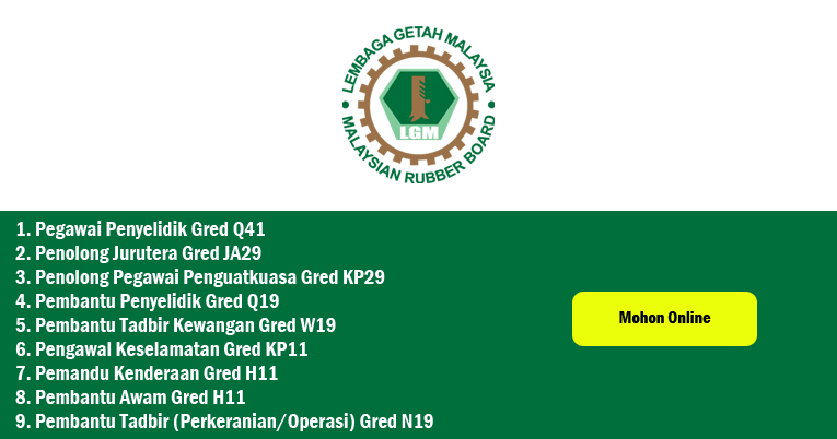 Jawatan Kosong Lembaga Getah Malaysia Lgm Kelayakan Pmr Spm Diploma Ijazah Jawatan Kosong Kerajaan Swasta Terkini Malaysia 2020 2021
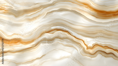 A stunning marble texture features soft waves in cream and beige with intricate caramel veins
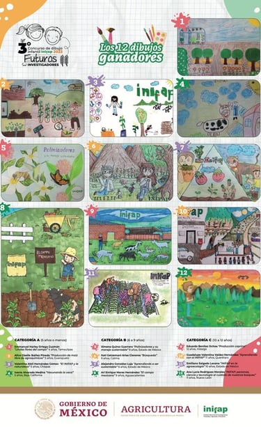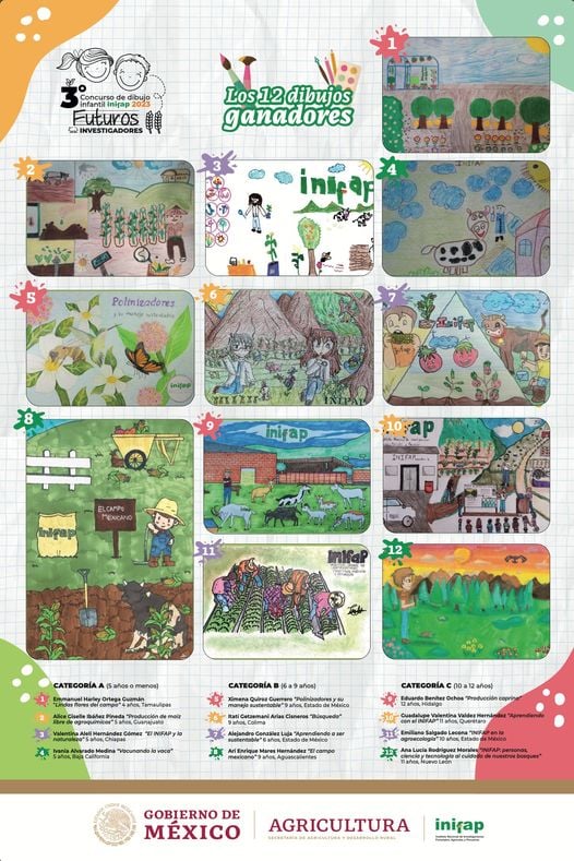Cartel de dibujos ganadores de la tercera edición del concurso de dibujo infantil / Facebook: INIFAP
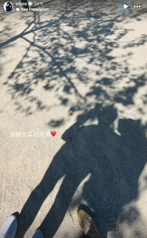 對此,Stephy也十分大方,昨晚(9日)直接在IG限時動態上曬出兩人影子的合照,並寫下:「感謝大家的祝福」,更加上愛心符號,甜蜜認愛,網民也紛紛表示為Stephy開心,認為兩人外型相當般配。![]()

==

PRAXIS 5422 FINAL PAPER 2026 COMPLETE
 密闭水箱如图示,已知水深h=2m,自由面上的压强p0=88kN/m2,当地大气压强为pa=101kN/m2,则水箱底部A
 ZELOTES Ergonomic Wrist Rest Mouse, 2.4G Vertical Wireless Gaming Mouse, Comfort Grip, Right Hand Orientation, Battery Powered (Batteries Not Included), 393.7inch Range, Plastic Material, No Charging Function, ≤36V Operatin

**What is required:**
What is needed is an exact copy of the lines above from the one with "Jawatan Kosong Lembaga" to the one with "對此,Stephy也十分大方", both ends kept, and nothing more; please leave the pictures out.

**Response box:**
 Jawatan Kosong Lembaga Getah Malaysia Lgm Kelayakan Pmr Spm Diploma Ijazah Jawatan Kosong Kerajaan Swasta Terkini Malaysia 2020 2021
 A stunning marble texture features soft waves in cream and beige with intricate caramel veins
Cartel de dibujos ganadores de la tercera edición del concurso de dibujo infantil / Facebook: INIFAP
 對此,Stephy也十分大方,昨晚(9日)直接在IG限時動態上曬出兩人影子的合照,並寫下:「感謝大家的祝福」,更加上愛心符號,甜蜜認愛,網民也紛紛表示為Stephy開心,認為兩人外型相當般配。![]()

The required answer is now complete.